The coelacanth fishes from the Rock Lake shale are part of the varied fauna collected from Garnett. Peabody (1952:38) listed many elements of the fauna and flora, and concluded that the deposits are of lagoonal origin. In addition to numerous invertebrates (including microfossils) and arthropods, a number of vertebrates other than coelacanths have been found. These include at least one kind of shark, _Hesperoherpeton garnettense_ Peabody, one or more kinds of undescribed labyrinthodonts and the reptiles _Petrolacosaurus kansensis_ Lane, _Edaphosaurus ecordi_ Peabody, and _Clepsydrops_ (undescribed species). This is indeed a rich vertebrate fauna, and the earliest known reptilian fauna. Much of the rock contains plant remains. The flora that has been identified is adapted to growing in a well-drained soil; although it contains some elements considered characteristic of the Permian, it is of Pennsylvanian age (Moore _et al._, 1936). Peabody (1952:38-39) discusses the features of these lagoonal sediments. Much of the fauna and flora suggests continental origin, but the many marine invertebrates at some horizons indicate that at least some of the sediments were of marine origin.

Little can be said about the actual environment of the living fishes of the genus _Synaptotylus_. Remains of these fishes occur in layers containing marine invertebrates, as well as in those containing plant remains and vertebrate skeletal parts, and in those nearly completely composed of dark carbonaceous material. Most of the remains are fragmentary and consist of isolated bones, isolated scales, and dissociated skulls; only one specimen and half of another are nearly complete.
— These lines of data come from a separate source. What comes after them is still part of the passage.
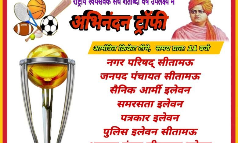 सीतामऊ- खेल महोत्सव अभिनंदन खेल क्लब सीतामऊ के तत्वाधान में “राष्ट्रीय स्वयंसेवक संघ के शताब्दी वर्ष उपलक्ष्य में विजयादशमी पर्व (अभिनंदन ट्रॉफी पुरस्कार) मेत्रीक क्रिकेट प्रतियोगिता एक दिवसीय आयोजन दिनांक 4 अक्टूबर 2025 को श्री राम विद्यालय के खेल मैदान परिसर में प्रातः 11 बजे से आगंतुक अतिथियों जनप्रतिनिधियों की गरिमामय उपस्थिति में भव्य शुभारंभ किया जाएगा,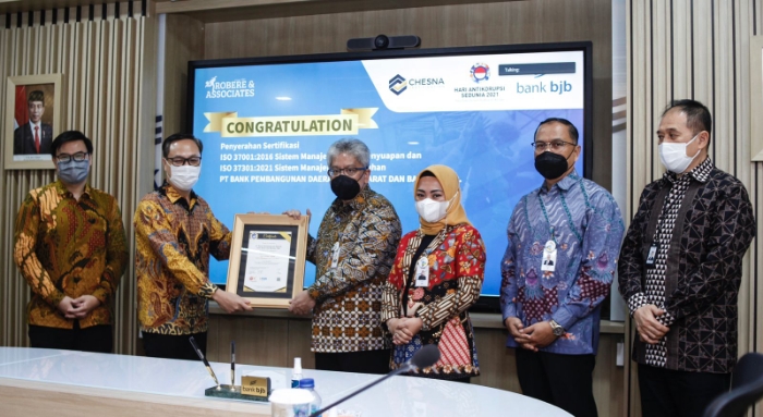 Tahun ini, bank bjb dinyatakan telah menerapkan standar ISO 37001:2016 Sistem Manajemen Anti Penyuapan (SMAP) dan ISO 37301:2021 Sistem Manajemen Kepatuhan (SMK) oleh Lembaga Sertifikasi PT Chesna dan telah diterbitkan sertifikat ISO 37001:2016 SMAP dan ISO 37301:2021 SMK yang berlaku sejak tanggal 22 November 2021 sampai dengan 22 November 2024 pada ruang lingkup area/aktivitas pengajuan dan pencairan kredit korporasi dan komersial. Selanjutnya penerapannya akan dilakukan pada ruang lingkup area/ aktivitas yang lebih luas.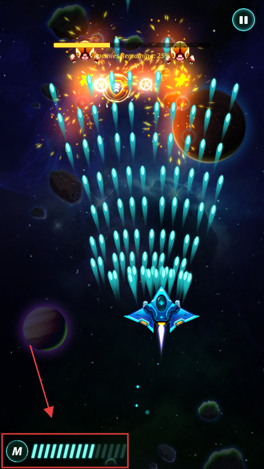 4、积累左下角【M】能量,满后释放技能,应对密集弹幕的敌机,提升作战效率。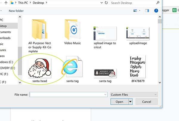I purchased some Christmas images, and one of them was a cute Santa head. I wanted to attach it to a tag. Here’s the step by step how to upload your own images in Cricut Design Space.
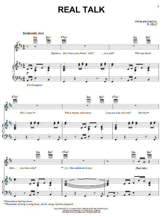 Download or print R Kelly Real Talk sheet music, chords and digital score arranged for Piano, Vocal & Guitar Chords (Right-Hand Melody). This Pop score includes 5 page(s).
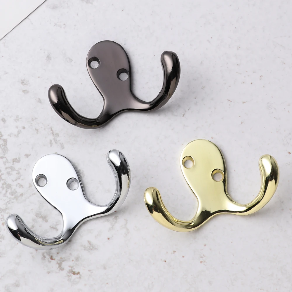 Двойное пальто и крючки для одежды, идеально подходит для хранения пальто, полотенец, шарфов и шапок, занимая очень мало места.Легко крепится к задней части любой двери.Доступно В Хромированном или латунном покрытии.Посылка включает в себя: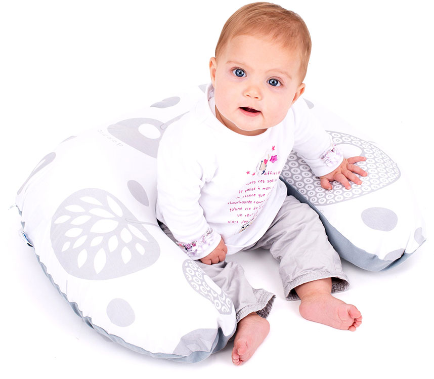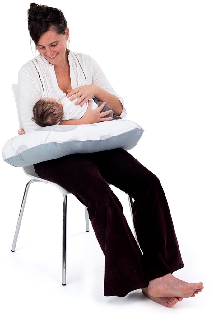 Multifunktionell: Amningskudden kan även användas som ligg- och sittstöd för barnet, vilket underlättar en mångsidig användning.

Many published statements on _Rhabdoderma_, a related genus, indicate both marine and fresh-water environments. Wehrli (1931:115) regarded _Rhabdoderma elegans_ (Newberry) as a euryhaline species, and cited its occurrence with both marine and fresh-water fossils. Aldinger (1931:199) also found this to be the case with other species, and Fiege (1951:17) quotes others as giving the same information. Keller (1934:913) thought that few Carboniferous fishes were exclusively marine, and stated that the majority of them became adapted to fresh water during the late Carboniferous. Later, Schaeffer (1953:175) stated that all Carboniferous and Permian coelacanths were fresh-water fishes, and that many were from swamp deposits. If Keller is correct, then members of the genus _Synaptotylus_ may have inhabited the lagoon, the adjacent sea, or the streams draining into the lagoon. Perhaps these fishes swam upstream, as modern salmon and tarpon do, although there is no direct evidence for this. Possibly they lived in the lagoon at times of scant rainfall and little runoff, when the salinity of lagoon water approached normal marine values or the fishes may have lived in the streams, and after death were washed into the lagoon. As numerous remains of land plants and animals were washed in, perhaps this best accounts for the presence of the fish in nearly all layers of the deposits, not only the marine strata.

SUMMARY

A new genus of Pennsylvanian coelacanths, _Synaptotylus_, is described and a previously named species, _Coelacanthus newelli_ Hibbard, 1933 (_C. arcuatus_ Hibbard, 1933, is a junior synonym), is referred to this genus. All specimens of _Synaptotylus newelli_ (Hibbard) were collected from the Rock Lake shale member of the Stanton formation, Lansing group, Missouri series, six miles northwest of Garnett, Anderson County, Kansas. _Synaptotylus_ is distinguished from all other coelacanths by a basisphenoid having large, knoblike antotic processes each connected by a low ridge to a small basipterygoid process. _Synaptotylus_ is most closely related to _Rhabdoderma_, but is intermediate between _Rhabdoderma_ and _Coelacanthus_ in shape of the fin girdles and basal plates. Two new subfamilies, Diplocercinae and Rhabdodermatinae, of the family Diplocercidae, are proposed. _Synaptotylus_ and _Rhabdoderma_ are included in the subfamily Rhabdodermatinae, because both exhibit reduced ossification in the endocranium and retain basipterygoid processes.